··· Supplied material ···

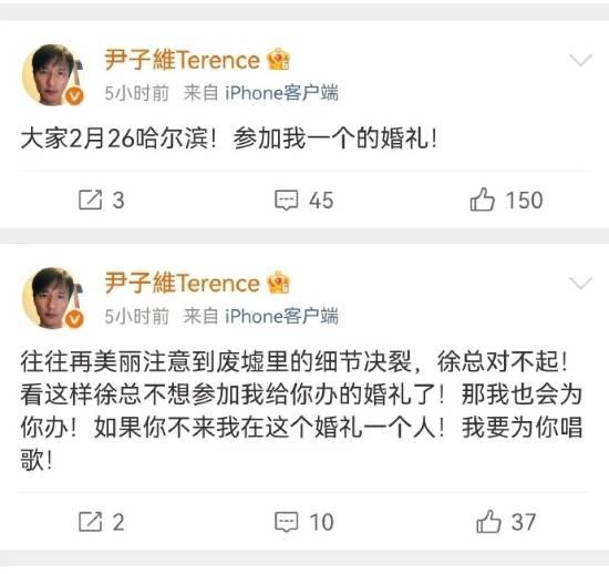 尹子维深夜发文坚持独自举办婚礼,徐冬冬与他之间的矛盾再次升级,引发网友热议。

···
··· Supplied material ···

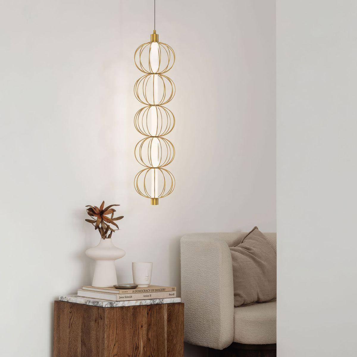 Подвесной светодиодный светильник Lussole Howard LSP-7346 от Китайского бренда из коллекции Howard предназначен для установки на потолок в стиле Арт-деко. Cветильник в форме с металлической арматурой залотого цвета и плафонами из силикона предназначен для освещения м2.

···
··· Supplied material ···

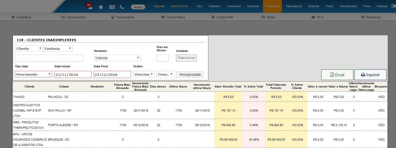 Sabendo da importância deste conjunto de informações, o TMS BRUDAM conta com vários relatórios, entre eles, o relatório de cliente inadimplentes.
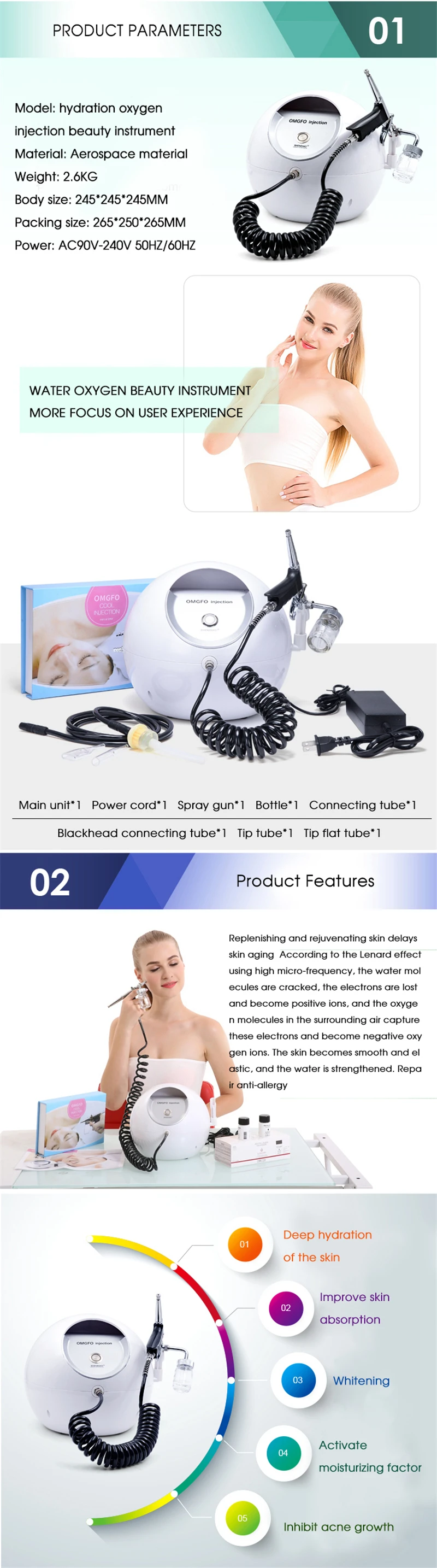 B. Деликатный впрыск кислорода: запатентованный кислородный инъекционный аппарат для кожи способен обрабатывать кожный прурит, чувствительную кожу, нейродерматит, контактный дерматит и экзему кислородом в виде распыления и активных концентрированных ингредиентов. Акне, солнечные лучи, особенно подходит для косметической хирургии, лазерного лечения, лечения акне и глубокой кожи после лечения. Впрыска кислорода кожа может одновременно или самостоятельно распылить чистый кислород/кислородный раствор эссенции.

···

## What to produce
Leave the pictures out, and transcribe exactly the lines above starting at the one that contains "Sabendo da importância" and ending at the one that contains "B. Деликатный впрыск".

## Answer area
 Sabendo da importância deste conjunto de informações, o TMS BRUDAM conta com vários relatórios, entre eles, o relatório de cliente inadimplentes.
 B. Деликатный впрыск кислорода: запатентованный кислородный инъекционный аппарат для кожи способен обрабатывать кожный прурит, чувствительную кожу, нейродерматит, контактный дерматит и экзему кислородом в виде распыления и активных концентрированных ингредиентов. Акне, солнечные лучи, особенно подходит для косметической хирургии, лазерного лечения, лечения акне и глубокой кожи после лечения. Впрыска кислорода кожа может одновременно или самостоятельно распылить чистый кислород/кислородный раствор эссенции.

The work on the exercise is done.